Nine. Zwrot akcji

49 3 5
                                    

Rok 2020, 9 lutego

Ups! Ten obraz nie jest zgodny z naszymi wytycznymi. Aby kontynuować, spróbuj go usunąć lub użyć innego.

Rok 2020, 9 lutego. Godzina 14:20.
           Niepewna zamiarów Heisenberga, Ellie udała się na cmentarz, szukając tajemniczej paczki, którą kazał jej odnaleźć lord. Ostrożnie obejrzała każdy z nagrobków, zajrzała do każdego krzewu, a nawet spojrzała na drzewa, żeby znaleźć pakunek. Nigdzie go nie było. Nie zniechęcało to jednak bohaterki. Szukała dalej, aż w końcu trafiła na kapliczkę, w której oprócz śniegu i skórzanej torby nie było nic.
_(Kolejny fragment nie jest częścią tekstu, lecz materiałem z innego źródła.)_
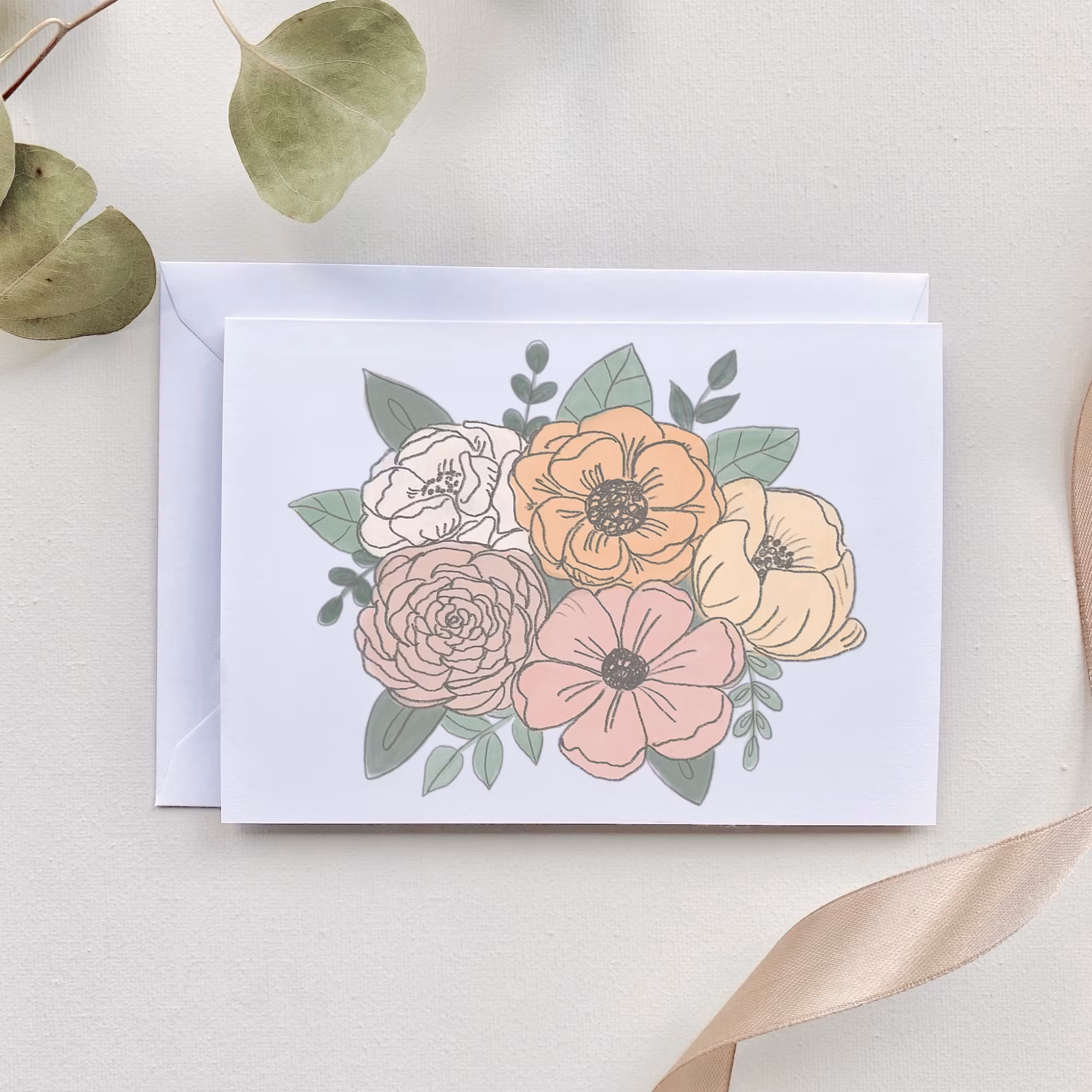 Detta vackra dubbelkort med rosa blommor är illustrerat med färgpennor och har en blank insida, perfekt för att skriva ett personligt meddelande. Kortet är handgjort och utskrivet av oss själva, vilket gör varje exemplar unikt. Det mäter 10x15 cm och levereras tillsammans med ett elegant vitt kuvert.

Dziewczyna przestrzeliła kłódkę i otworzyła kraty, po czym podeszła do torby. Znajdował się na niej liścik o treści:
"Brawo! Znalazłaś mój prezent. Zabierz go na Altar i umieść pojemniki w otworach na podeście. Następnie weź Kielich Giganta. Podążaj za ogniem"
"Czym u licha jest Kielich Giganta i na co jest potrzebny Heisenbergowi?" zaczęła zastanawiać się bohaterka. Zajrzała do torby. Zobaczyła w niej cztery żółte pojemniki z pokrywkami ozdobionymi herbami rodów, z których pochodzili lordowie. "Zaraz, chwila..." przypomniała sobie o dzienniku mężczyzny, który niegdyś zamieszkiwał dom z czerwonym kominem.
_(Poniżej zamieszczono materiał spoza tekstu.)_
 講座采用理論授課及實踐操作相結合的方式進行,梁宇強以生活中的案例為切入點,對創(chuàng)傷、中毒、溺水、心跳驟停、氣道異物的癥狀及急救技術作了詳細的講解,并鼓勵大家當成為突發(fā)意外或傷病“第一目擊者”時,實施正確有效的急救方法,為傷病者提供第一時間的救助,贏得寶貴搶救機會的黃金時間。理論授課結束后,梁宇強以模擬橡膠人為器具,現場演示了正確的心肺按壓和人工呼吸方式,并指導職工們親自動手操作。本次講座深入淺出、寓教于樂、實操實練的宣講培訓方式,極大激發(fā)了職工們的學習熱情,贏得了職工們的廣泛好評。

Po wejściu na górę, ujrzała dziurę w dachu, przez którą weszła do środka chatki. Na stole w jadalni leżały dwie rzeczy, mianowicie dziennik oraz ciemnoczerwona skrzynka. Williams zaczęła czytać treść notatek.
"[...] Polecono mi wykonanie czterech pojemników z herbami lordów na pokrywkach oraz dostarczenie ich jak najszybciej po ich ukończeniu.
Ukłoniłem się, po czym opuściłem kościół.
8 lutego
Pojemniki, które wykonałem dla Matki Mirandy zaginęły, nie mogę ich nigdzie znaleźć."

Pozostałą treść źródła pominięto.